Partial dependence plots show the marginal effect of a feature on the model prediction. The partial dependence function gives the average prediction for a particular value of our feature of interest by iterating over all other feature values through a  a Monte-Carlo simulation (I think). Unfortunately, the PDP will show some unrealistic values if the other features are correlated with our feature of interest, which is clearly a problem we have with this dataset.

See this site for a much better explanation: https://christophm.github.io/interpretable-ml-book/pdp.html

Scikit-learn's partial dependence functions can only be used with Gradient Boosting, but PDPbox works with Random Forest. Skater is another package for model interpretation. Also see iml or pdp in R.

In [None]:
#!pip install pdpbox
from pdpbox import pdp, info_plots

In [None]:
# create grid used to make the plot (monte-carlo sim?)
pdp_ndvi = pdp.pdp_isolate(
    model=rf, dataset=train, model_features=X_train.columns, feature='ndvi'
)

# make the PD plot
fig, axes = pdp.pdp_plot(
    pdp_isolate_out=pdp_ndvi, feature_name='ndvi', center=True,
    ncols=3, plot_lines=True, plot_pts_dist=True, frac_to_plot=100
)

# set class names as x-labels
for i, ax_dict in enumerate(axes['pdp_ax']):
    ax = ax_dict['_count_ax']
    ax.set(xlabel = "ndvi (" + rf.classes_[i] + ")",
           title = '')

PDPbox's dependence plots show the average probablity of prediction of a class across the range of values for a particular feature (black/yellow line).
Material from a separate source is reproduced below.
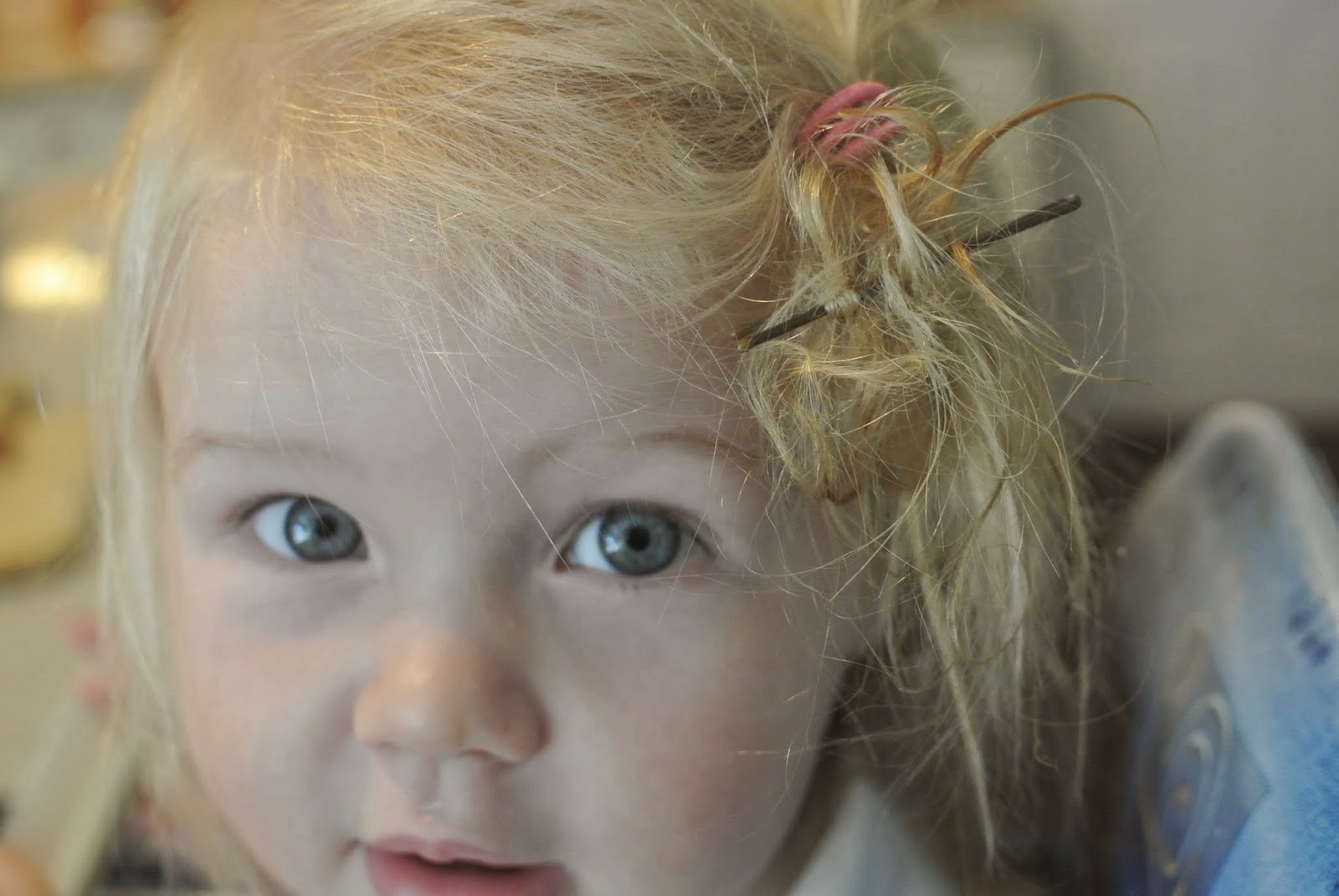 Lulu had a super nasty snarl in her hair after I put her down to sleep in multiple hair things. I was pretty sure she was going to end up with bangs. But this magical brush

It also shows the Individual Conditional Expectation (ICE plot), which has the marginal effect of the feature for all data points (thin blue lines). The lines below the x-axis is a rug plot of data points, so there is greater uncertainty in the prediction probability where there are fewer data points.

Remember that NDVI is an indicator of vegetation quantity and health, thus as NDVI increases the probability of predicting a vegetation class (forest, herbaceous, or shrubs) tends to increase.

In [None]:
# calculate pdp for interaction of two features
pdp_ndvi_ndmi = pdp.pdp_interact(
    model=rf, dataset=train, model_features=X_train.columns, features=['ndvi', 'ndmi'], 
    num_grid_points=[10, 10],  percentile_ranges=[None, None], n_jobs=4
)

In [None]:
# make the pdp interact plots
fig, axes = pdp.pdp_interact_plot(
    pdp_ndvi_ndmi, ['ndvi', 'ndmi'], plot_type='grid', ncols=2, plot_pdp=True, which_classes=[6, 7]
)

The interact plot shows a heatmap of the prediction probability across the distribuation of two marginal features (ndvi and ndmi). We can see that class 6 (water) has a high prediction probability when ndmi is very high and ndvi is very low. Class 7 (wetlands) tend to be predicted when ndmi and ndvi are both moderate.

### 2. Susceptible to imbalanced data  
Like many other models, Random Forest will tend to favor an overly dominant class. You can counteract this by either setting **class weight** or through **sampling**. The dominant class can be *undersampled* or the rare classes can be *oversampled* to improve class balance. There are a variety of sampling methods for handling imbalanced data.

### 3. Usually not the best model

Random Forest is great for its versatility, ease of use, and reasonable performance, which is why many people reach for it first.  
However, if you're willing to put the time and effort into building a more complex model then you'll likely get better accuracy.